The aspects that you need to know about each dataset are:

  1. Name: How to refer to the dataset.
  2. Problem Type: Whether the problem is regression or classification.
  3. Inputs and Outputs: The numbers and known names of input and output features.
  4. Performance: Baseline performance for comparison using the Zero Rule algorithm, as well as best known performance (if known).
  5. Sample: A snapshot of the first 5 rows of raw data.
  6. Links: Where you can download the dataset and learn more.

Standard Datasets

Below is a list of the 10 datasets we’ll cover.

Each dataset is small enough to fit into memory and review in a spreadsheet. All datasets are comprised of tabular data and no (explicitly) missing values.

  1. Swedish Auto Insurance Dataset.
  2. Wine Quality Dataset.
  3. Pima Indians Diabetes Dataset.
  4. Sonar Dataset.
  5. Banknote Dataset.
  6. Iris Flowers Dataset.
  7. Abalone Dataset.
  8. Ionosphere Dataset.
  9. Wheat Seeds Dataset.
  10. Boston House Price Dataset.

1. Swedish Auto Insurance Dataset

The Swedish Auto Insurance Dataset involves predicting the total payment for all claims in thousands of Swedish Kronor, given the total number of claims.

It is a regression problem. It is comprised of 63 observations with 1 input variable and one output variable. The variable names are as follows:

  1. Number of claims.
  2. Total payment for all claims in thousands of Swedish Kronor.

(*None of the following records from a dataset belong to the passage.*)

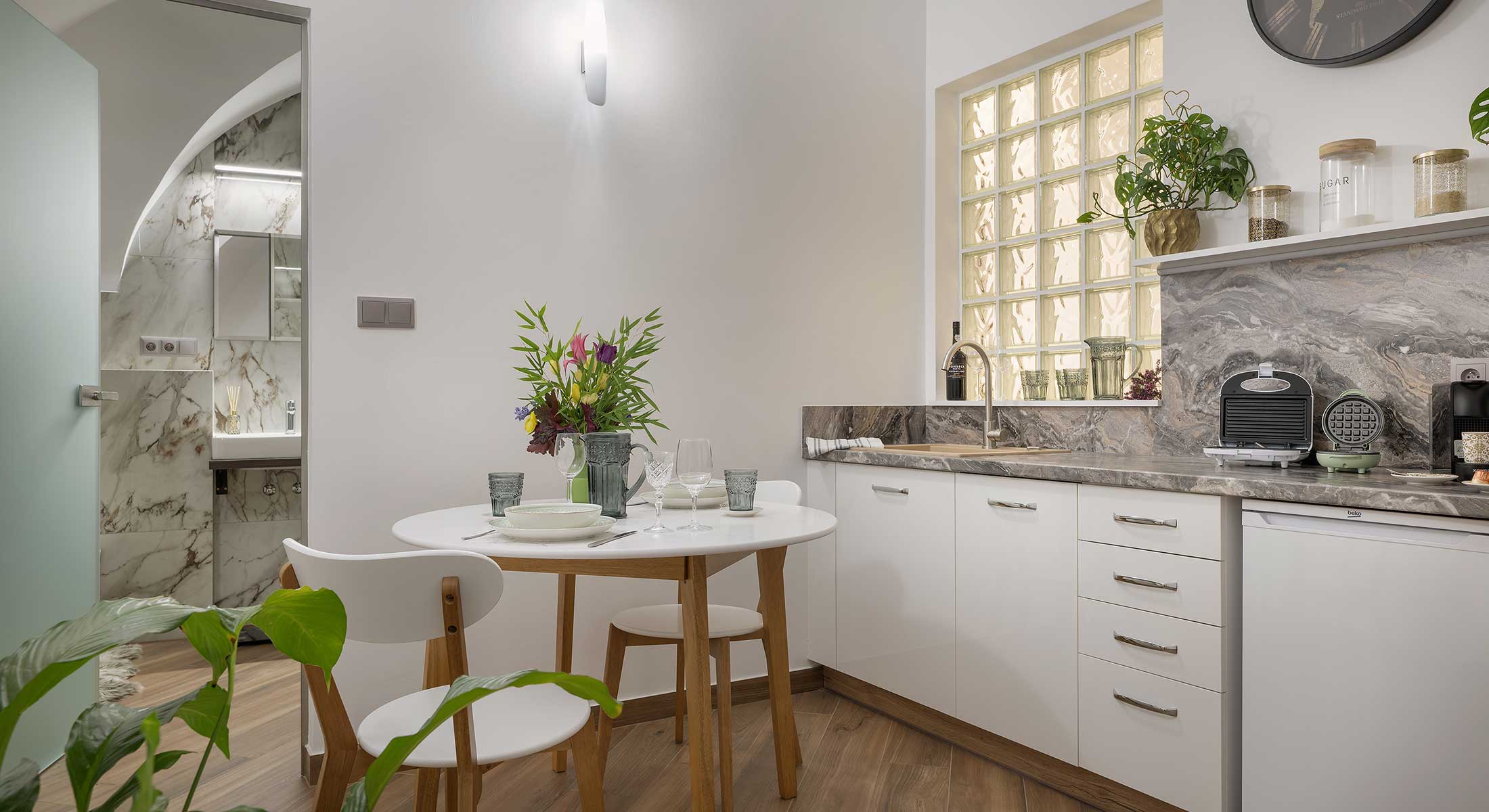 Durchdrungen von Atmosphäre spiegelt das Apartment die geheimnisvolle Schönheit und intellektuelle Faszination von Rudolfs Prag wider. Freuen Sie sich auf dunkle Hölzer, goldene Akzente und versteckte Designelemente, inspiriert von Alchemie, Astronomie und klassischer Kunst.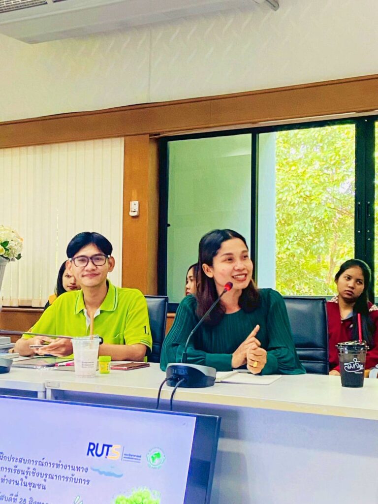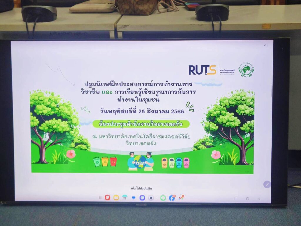 วันที่ 28 สิงหาคม 2568 รองศาสตราจารย์ ดร.ลักษมี วิทยา รองผู้อำนวยการสถาบันวิจัยและพัฒนา มอบหมายให้ นางสาววารีรัตน์ ขุนทอง และนายรุ่งโรจน์ นวนศรี เจ้าหน้าที่ศูนย์ประสานงาน อพ.สธ.-มทร.ศรีวิชัย เข้าร่วมปฐมนิเทศฝึกประสบการณ์การทำงานทางวิชาชีพและการเรียนรู้เชิงบูรณาการกับการทำงานในชุมชน ของนักศึกษาชั้นปีที่ 4 สาขาวิชาการจัดการทรัพยากรและสิ่งแวดล้อม ณ ห้องประชุมสำนักวิทยาเขตตรัง มหาวิทยาลัยเทคโนโลยีราชมงคลศรีวิชัย วิทยาเขตตรัง สืบเนื่องด้วยคณะวิทยาศาสตร์และเทคโนโลยีการประมงมหาวิทยาลัยเทคโนโลยีราชมงคลศรีวิชัย วิทยาเขตตรัง ได้จัดการเรียนการสอนรูปแบบการฝึกประสบการณ์วิชาชีพ (WIL) ในรายวิชาการเรียนรู้เชิงบูรณาการกับการทำงานในชุมชน โดยเน้นให้นักศึกษานำความรู้ทั้งทฤษฏีและปฏิบัติที่ได้ศึกษามาไปประยุกต์ใช้และปฏิบัติงานจริงในสถานประกอบการ ซึ่งคณะฯ พิจารณาแล้วเห็นว่า ศูนย์ประสานงาน อพ.สธ.-มทร.ศรีวิชัย เป็นแหล่งที่จะเพิ่มพูนความรู้ ทักษะ และประสบการณ์ให้แก่นักศึกษาได้เป็นอย่างดี จึงส่งนักศึกษา จำนวน 3 ราย เข้าฝึกงานตั้งแต่วันที่ 1 กันยายน – 224 ตุลาคม 2568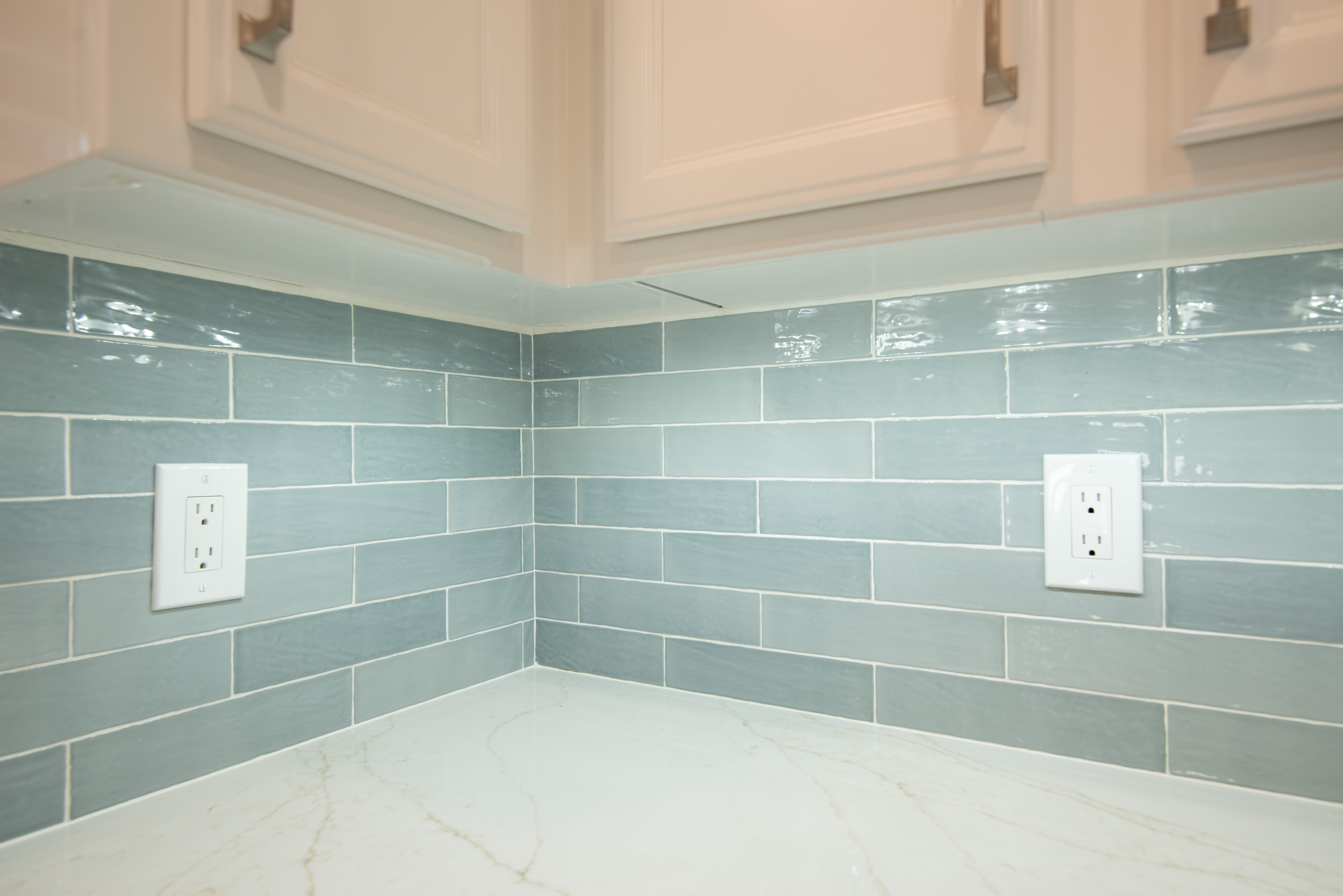 The backsplash, adorned with Marin 2 1/2 x 10 Gloss Misty Blue tiles, adds a pop of color and texture, creating a visually captivating backdrop. The choice of ceramic Jolly edges in a matching hue ensures a cohesive look, beautifully framing the cooking area and enhancing the kitchen’s overall appeal.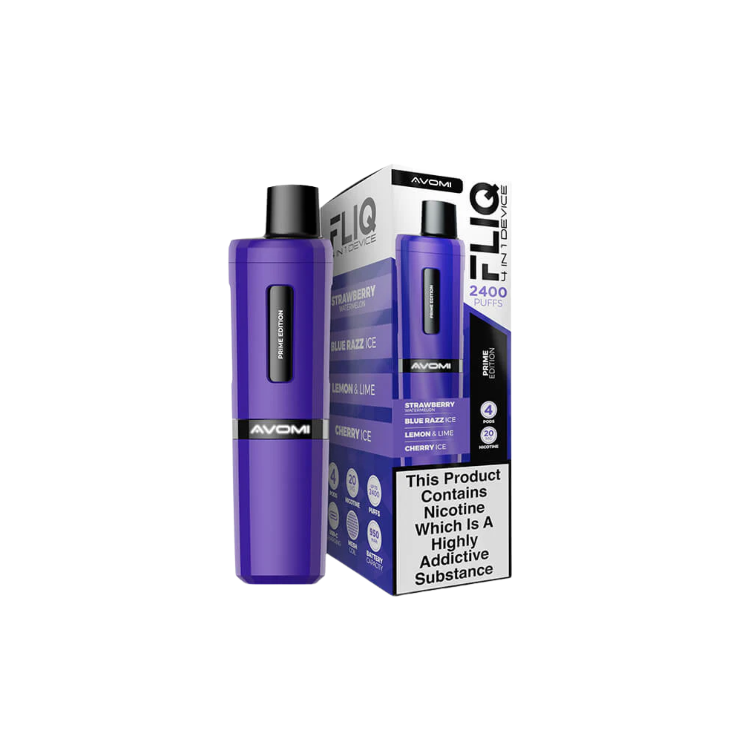 Each pod comes prefilled with 20mg nicotine salt e-liquid, ensuring a smooth throat hit, bold flavour, and fast-acting satisfaction. With up to 600 puffs per 2ml pod – and up to 2400 puffs per device, you can rely on the Avomi Fliq for a long-lasting and consistently enjoyable vape.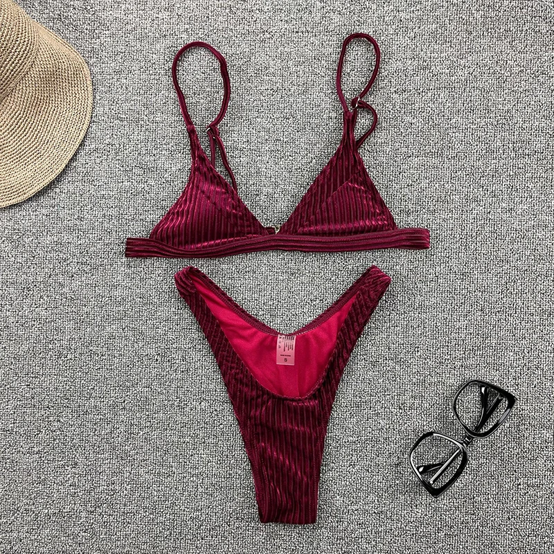Сексуальный бархатный купальник в рубчик 2021, Женские Треугольные микро стринги, бикини, летний купальный костюм с высоким вырезом, женское бикини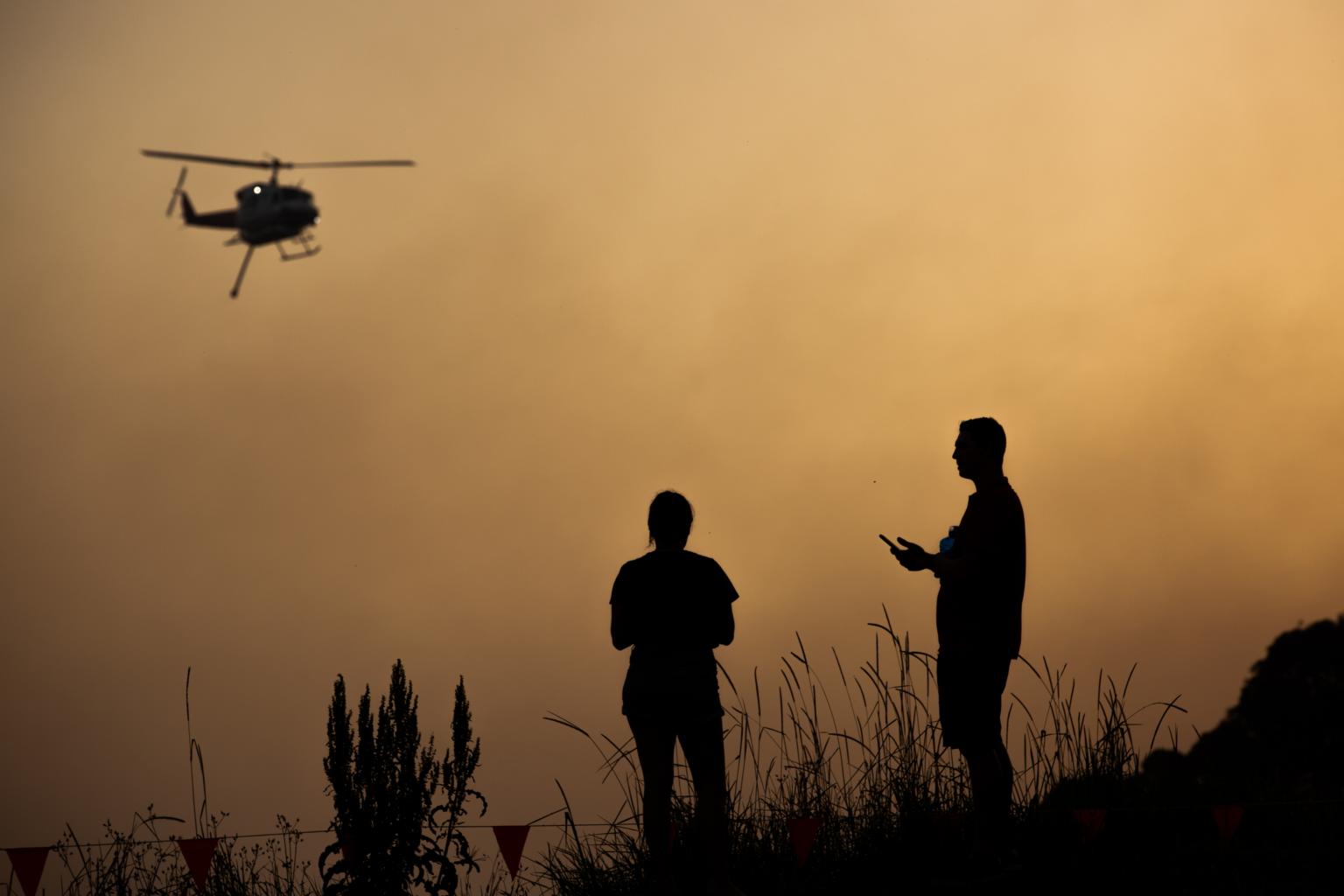 A water bombing helicopter flies over a bushfire as residents look on, in Forster, New South Wales, Australia, on Nov 7, 2019.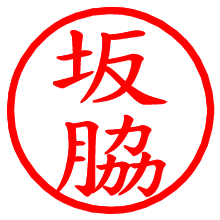 [朱肉の色]を選び、入力窓に“坂脇”と入力して[生成]ボタンを押すと、印影が更新され、リンクから電子印鑑(デジタル印影)がダウンロードできます。 電子印鑑「坂脇」の作り方文字表示が変なときや、文字バランスが悪いときは[字形切替]のチェックボックスでON/OFFを切り替え[生成]しなおしてください。 生成される画像は通常の印影「坂脇.png」と、にじみを表現した少し太めの印影「坂脇B.png」の背面透過PNG形式2種と、鮮明なPDF形式の印影「坂脇.pdf」の計3種類です。 朱肉の微妙な色の違いを7色で表現しました。デフォルト(左端)は、JISが定めた朱肉の色のマンセル値(7.5R 5/14)をRGB値(217,66,54)に変換したものになっています。 「電子透かし」にチェックを入れて[生成]ボタンを押すと、タイムスタンプを電子透かしとして埋め込んだセキュアな電子印鑑が作れます。詳細は別ページの「タイムスタンプと電子透かし」でご覧ください。 坂脇さんの日付印が作れます。「日付スタンプメーカー」は、社内向けの書類に利用されることの多い日付印(データ印)が無料で作れるWebアプリケーションです。中段に日付が入り、上段と下段は、ともに8文字まで文字が入ります。 ![]() 古代文字で落款印が作れます。「落款スタンプメーカー」で作品を引き立たせる落款印が作れます。

The baseline performance of predicting the mean value is an RMSE of approximately 81 thousand Kronor.

A sample of the first 5 rows is listed below.

Below is a scatter plot of the entire dataset.

Swedish Auto Insurance Dataset

Swedish Auto Insurance Dataset

2. Wine Quality Dataset

The Wine Quality Dataset involves predicting the quality of white wines on a scale given chemical measures of each wine.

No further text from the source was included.